Applications of Heap
· Used to implement priority queues because priority values can be ordered based on heap properties.

· Queue functionality can be implemented using a heap in O(log n) time.

· Used to find the k smallest (or largest) values in a given array.

· Used in the heap sort algorithm.

8. Figure

A graph consists of a finite set of vertices or nodes and a set of edges connecting these vertices.

The order of a graph is the number of vertices in the graph. The size of a graph is the number of edges in the graph.

If two nodes are connected to each other by the same edge, they are called adjacent nodes.

Directed Graph
A graph G is called a directed graph if all its edges have directions indicating what is the starting vertex and what is the ending vertex.

We say that (u, v) is incident on or leaves vertex u and then incident on or enters vertex v.

Self-loop: an edge from a vertex to itself.

Undirected Graph
If all the edges of a graph G have no direction, it is called an undirected graph. It can propagate between two vertices in two ways.

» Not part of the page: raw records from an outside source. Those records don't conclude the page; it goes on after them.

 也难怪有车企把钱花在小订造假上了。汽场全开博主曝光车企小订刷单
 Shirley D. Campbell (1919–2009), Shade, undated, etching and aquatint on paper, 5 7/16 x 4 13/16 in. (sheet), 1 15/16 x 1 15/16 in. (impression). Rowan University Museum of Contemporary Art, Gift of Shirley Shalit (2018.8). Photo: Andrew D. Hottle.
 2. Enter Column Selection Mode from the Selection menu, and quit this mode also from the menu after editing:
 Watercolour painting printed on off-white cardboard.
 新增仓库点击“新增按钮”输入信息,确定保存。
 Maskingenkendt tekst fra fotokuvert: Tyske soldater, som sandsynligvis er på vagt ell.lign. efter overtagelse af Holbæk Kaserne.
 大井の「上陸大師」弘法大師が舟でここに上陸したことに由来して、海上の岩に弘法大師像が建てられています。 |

A vertex is said to be isolated if it is not connected to any other node in the graph.
Insert image description here

Fig 9. Visualization of Terminology of Graphs

Applications of graphs
· Used to represent social media networks. Each user is a vertex, and an edge is created when users are connected.

· Web pages and links used to represent search engines. Web pages on the Internet are linked to each other through hyperlinks. Each page is a vertex, and the hyperlink between two pages is an edge. Used for page ranking in Google.

· Used to represent locations and routes in GPS. Locations are vertices, and routes connecting locations are edges. Used to calculate the shortest path between two locations.